Copy exactly the lines from the one containing "Obchody tradycyjnie rozpoczęła" through the last line of the records below, both included, and leave out the pictures.

*** SOURCE DATA ***

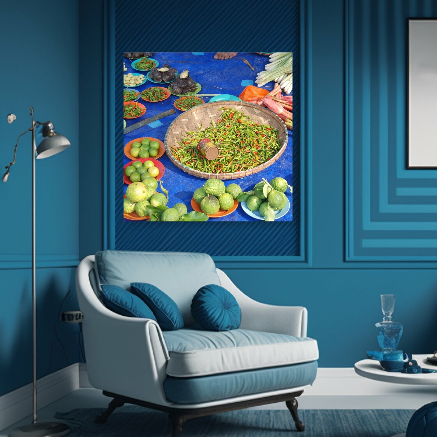 10 цен на Картина на холсте "Овощи, фасоль, лаймы" на подрамнике 75х75 см. для интерьера
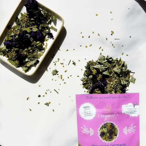 ¡NUEVO FORMATO Y NUEVO EMBALAJE! ¡RECETA SIN CAMBIOS! ¡Un compromiso local para esta infusión de temporada! Nos comprometemos a honrar a la región francesa, y más específicamente a Breton, donde se encuentra Original Mate. Esta receta se desarrolló exclusivamente con mate verde orgánico que importamos directamente de Brasil como productor y plantas y flores sembradas, cosechadas manualmente y secadas de forma natural por Frédéric y Marie, Le Clos Fleuri, cerca de Dinan (Bretaña – 22). ¡Encontrará una calidad de planta óptima en esta receta gracias al conocimiento detallado, el respeto y el trabajo de los productores por sus tierras y sus plantas! Cada infusión se diseña, ensambla y envasa en el taller Original Mate de Saint-Brieuc (22).
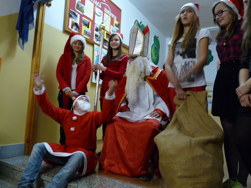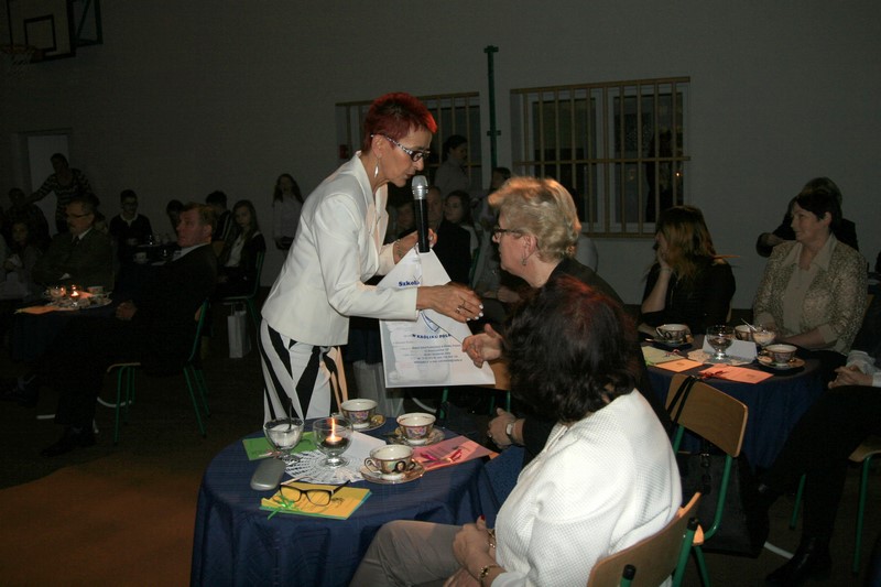 Obchody tradycyjnie rozpoczęła msza święta z udziałem szkolnego pocztu sztandarowego odprawiona przez księdza Wiesława Słotwińskiego. Dalsza część imprezy przeniosła się do sali gimnastycznej, która na czas jej trwania zamieniła się w kawiarnianą salę.
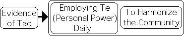 The Great Learning, a classic Chinese text, provides us with yet another way of viewing the relationship between Tao and te. From the perspective of this brief document, an essential feature of the Way (the Tao) is exerting te (personal power) to harmonize the community. Put in the context of this verse, working regularly to bring peace and balance in our world is evidence that the Tao is flowing through us. We will examine this document in more detail in subsequent chapters.
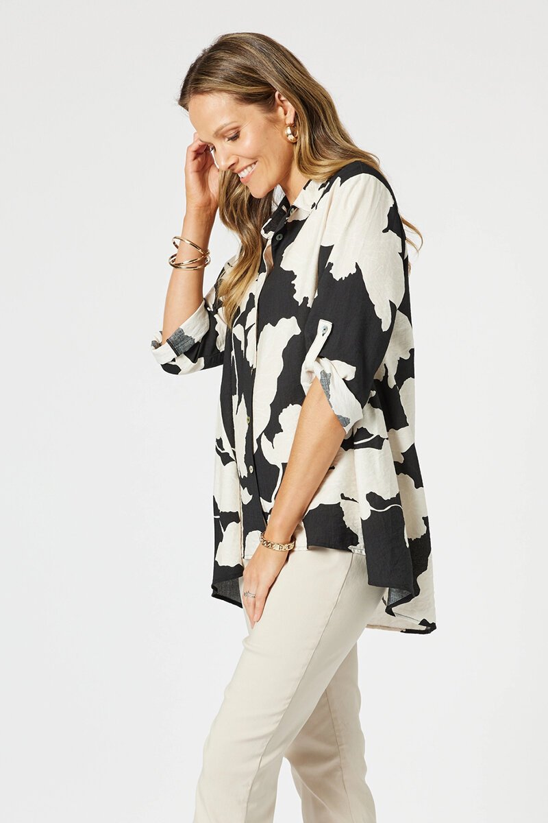The Clarity Barcelona Shirt is relaxed, breezy, and ready to elevate your everyday. With its bold floral print and easy swing shape, this button-up brings effortless style to the table. Wear it loose, layered, or half-tucked—whatever feels good. Looks even better with the matching pants.

*** End of SOURCE DATA ***

EXERCISE ANSWER:
 Obchody tradycyjnie rozpoczęła msza święta z udziałem szkolnego pocztu sztandarowego odprawiona przez księdza Wiesława Słotwińskiego. Dalsza część imprezy przeniosła się do sali gimnastycznej, która na czas jej trwania zamieniła się w kawiarnianą salę.
 The Great Learning, a classic Chinese text, provides us with yet another way of viewing the relationship between Tao and te. From the perspective of this brief document, an essential feature of the Way (the Tao) is exerting te (personal power) to harmonize the community. Put in the context of this verse, working regularly to bring peace and balance in our world is evidence that the Tao is flowing through us. We will examine this document in more detail in subsequent chapters.
The Clarity Barcelona Shirt is relaxed, breezy, and ready to elevate your everyday. With its bold floral print and easy swing shape, this button-up brings effortless style to the table. Wear it loose, layered, or half-tucked—whatever feels good. Looks even better with the matching pants.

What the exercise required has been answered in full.